Voix de soie et aura sulfureuse, elle chante les filles qui parlent fort, celles qui dérangent, mêle jazz et synthé – nous susurrant à l’oreille, avec une gourmandise coupable, une pop électro française bien frappée qui grince parfois sous la dent… Chansons douces, en apparence seulement : zique fraîche et textes choc, Sainte Nicole débarque dans notre été telle qu’en elle-même, sans auréole.
Un vaste panorama musical qui va de Billy Eilish à Polo & Pan en passant par Mylène Farmer ou Paris Combo, avec un ti quelque chose qui rappelle Lio, épices compris : la belle chante l’amour superficiel et les amitiés perdues, l’érotique et le toxique, les vanités et les sutures – met les pieds dans le plat sans avoir l’air d’y toucher, à voix rêveuse, à timbre doux… Elle vient nous verser sans compter sa « pop française irrévérencieuse » : une chanson pétillante au goût fraise hantée de basses profondes, de beats modernes, de synthés électros : au total, un cocktail de légèreté soyeuse et de textes pimentés – et toujours la juste rasade d’ombre dans des paysages de lumière.

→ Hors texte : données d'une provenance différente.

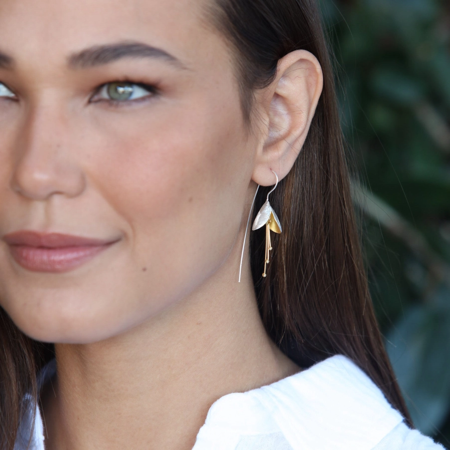 Sterling and vermeil earrings are handmade using fine quality sterling and an overlay of 22k gold.

Saint Nicole vient bousculer la scène à pattes de velours : se méfier quand même, ça enivre.
Arrivée à la fin d’un cursus complet pour devenir ingénieure, diplôme en poche, elle a soudain un déclic pour l’écriture et pour la musique qui la fascine depuis son tout jeune âge. Changement de cap : elle plaque tout pour se consacrer à sa passion ! Océane, alias Sainte Nicole, se dit « artiste entrepreneure » : elle débute sa carrière avec son propre label, écrit, co-compose et produit ses chansons, et veut maintenir son indépendance dans le milieu artistique. Derrière son nom d’artiste, ses deux grands-mères, toutes deux prénommées Nicole.